# It's Showtime



## Orbitron (Jul 14, 2012)

Following an acoustic analysis by Chris Huston of Rives Audio, Aaron Hoffman of Kanso Audio Furniture http://www.kansoaudiofurniture.com/ built a spectacular home theater and music room. The motorized 92" StudioTek 130 G3 in 2.35:1 with Runco Q-750d was calibrated by Kevin Miller. While it sounds very good, we're going to kick it up to scary good by adding an infinite baffle subwoofer. The enclosure will contain (4) 15" Acoustic Elegance drivers to supplement the 2 in room subs. Single digit low frequencies will be felt, and yes, the chair has a seatbelt.


----------



## skeeter99 (Jan 24, 2007)

Very cool! Maybe its just my connection but I only see one picture, are there more? Looks very nice from the one though 

Scott


----------



## Orbitron (Jul 14, 2012)

Thanks Scott, this is the the view with the 60" Kuro when the screen is up.


----------



## skeeter99 (Jan 24, 2007)

Beautiful, what speakers are those? They look familiar but I can't put my finger on it. Any other pics of the room, maybe some bigger ones


----------



## Orbitron (Jul 14, 2012)

Dynaudio Confidence C2 Signatures with center, 2 Sub 600s, rear C1 Sigs. Other photos but they show the room as it was being built, not appropriate for this thread as i understand. Also, my photos are too large and getting them smaller and posted is problematic as i know little more than copy and paste. I do like this pic of the little guy doing an early soundcheck using Dynaudio Focus 110As which i stole from the kitchen. I like to share this nugget, Chris Huston who did the acoustic analysis to which the room was built - Chris was the recording engineer for Led Zep back in the day!


----------



## B- one (Jan 13, 2013)

Very nice room, it looks like one seat? Maybe the nicest "personal" theater around. I really like the colors used in the room as well great job.


----------



## Orbitron (Jul 14, 2012)

Thanks, it's a home theater for 1 - the little guy sits on my lap, he's a film buff. The speakers are in Mocha Brown so the entire room is Mocha based. The rack and center speaker stand, the sidewall diffusors, all the wood trims, in Mocha. The Capel wool rug from New Zeland is the Mocha. The floor is Mannington Laminate in Mojave Slate. The Guilford of Maine acoustic cloth throughout the room is in Chocolate and Moleskin. Hunter Douglas blackout shades in dark brown. Last but not least, my super comfy Jacob Flexsteel and ottoman.


----------



## cobr (Oct 31, 2013)

Great home theater for one man! You do have nice furniture!


----------



## JQueen (Jan 11, 2012)

Nice room.. I sometimes wish I could get away with a one seater theater room (wife ask to many questions during movies)


----------



## Horrorfan33 (Jun 11, 2013)

Very nice set up!!..I used to have a one seater listening room and loved it!!


----------



## Orbitron (Jul 14, 2012)

I tell everyone admission is free but it's $20 if you want to sit in the chair!!!


----------



## B- one (Jan 13, 2013)

Orbitron said:


> I tell everyone admission is free but it's $20 if you want to sit in the chair!!!
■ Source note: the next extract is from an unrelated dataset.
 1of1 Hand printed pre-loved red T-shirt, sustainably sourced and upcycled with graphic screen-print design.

So you must make your $$$ on the popcorn and drinks just the like the big boys.


----------



## Orbitron (Jul 14, 2012)

And worth every penny. Ordered (4) 15" drivers today for the infinite baffle subwoofer. If anyone has an NHT X2 crossover for sale, kindly send me a PM.


----------



## Owen Bartley (Oct 18, 2006)

Orbitron, really nice room and those Dynaudios are GORGEOUS. I love the big Dyn's, I wish I could spend some time with some of them in a setting like you have there!


----------



## Orbitron (Jul 14, 2012)

Thanks Owen, sometimes i think these Dyns in Mocha belong in one of those glass enclosures under bright lighting on display in a museum.


----------



## Orbitron (Jul 14, 2012)

Entrance view, 1953 poster, linen backed, never used by the theater. Randolph Scott in Badman's Territory. SADDLE UP, LET'S RIDE.


----------



## Orbitron (Jul 14, 2012)

Update: a month since the last post - a delay in the infinite baffle drivers getting built and my worker is going to CES so completion won't be till mid January. Stay tuned.


----------



## eclipse911t (Jan 8, 2013)

This room is beautiful. Excellent choice of loudspeakers.  It looks the like the room is extremely well treated, butt eh stealth installation makes it hard to tell for sure.
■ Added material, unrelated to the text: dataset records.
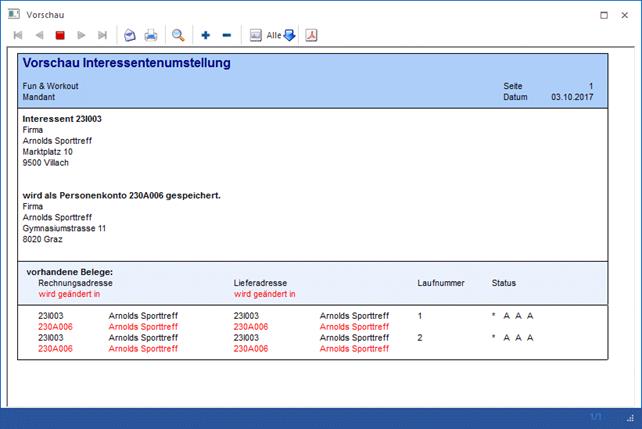 Alle Belege, welche direkt für den Interessenten geschrieben wurde, werden immer angepasst, d.h. die Interessentennummer wird durch die Personenkontennummer ersetzt!
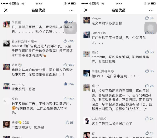 名创优品的原则是,只发三观端正、温暖走心内容,一切与粉丝无关的内容,没有观点的内容,三观不正的内容都不发。
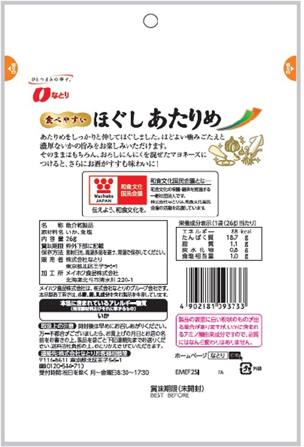 するめいかを使用したあたりめをしっかりと伸してほぐしました。ほどよい噛み応えと濃厚ないかの旨みをお楽しみいただけます。そのままはもちろん、おろしにんにくを混ぜ合わせたマヨネーズにつけると、さらにお酒がすすむ味わいとなります。従来のあたりめを、硬くて食べにくいと感じていらっしゃった方に是非とも食べていただきたいほぐしあたりめです。1袋(26g)当たり:エネルギー88kcal たんぱく質 18.7g 脂質 1.1g 炭水化物 0.8g 食塩相当量 1.0g

I have three questions if you'd be willing to entertain.
1. What are your crossover frequencies for the fronts, center, and rears?
2. Would you say there is a significant improvement having C2's for fronts versus C1's?
3. What are your other I components such as source, audio processing, and amplification? What amplifiers will you use for your IB setup?

Thank you for your time.
-Patrick


----------



## Orbitron (Jul 14, 2012)

Thanks Patrick, you are right about the room being well treated. Owens Corning 702 on all the walls, doors and in the ceiling too. 32 floor to ceiling wood slats on the sidewalls, forward of the C2s for diffusion and approx. (95) 2" x 10" blocks in the ceiling for overhead diffusion. Bass traps were built into the front wall corners. 

As i recall, crossovers are 80Hz, i'll check again. We let the Anthem Statement D2v with ARC do all the calibrating. This was after a week of setting up the C2s for 2 channel and perfect imaging. Get the 2 channel dialed in and the rest falls into place. In 2 channel the C2s are set to full range and no processing.

C2s vs C1s for fronts - while waiting for the C2s to arrive i listened to the C1s in front for 2 channel and the imaging was tremendous, an audiophile friend was blown away. The C2s kick it up, fuller, more robust, you think the stand-up bass player is in the room. My desire was to have floorstanders for the fronts due to the size of the room, the look and what i've always wanted.

Using (5) Simaudio Moon 400M amps, Denon DVD-A1UDC1 with 5.1 SACD and Nordost Thor. A Crown K1 amp for the IB setup. 

This photo shows all the wood blocking; it effectively makes a 7 foot ceiling an 8 foot ceiling.


----------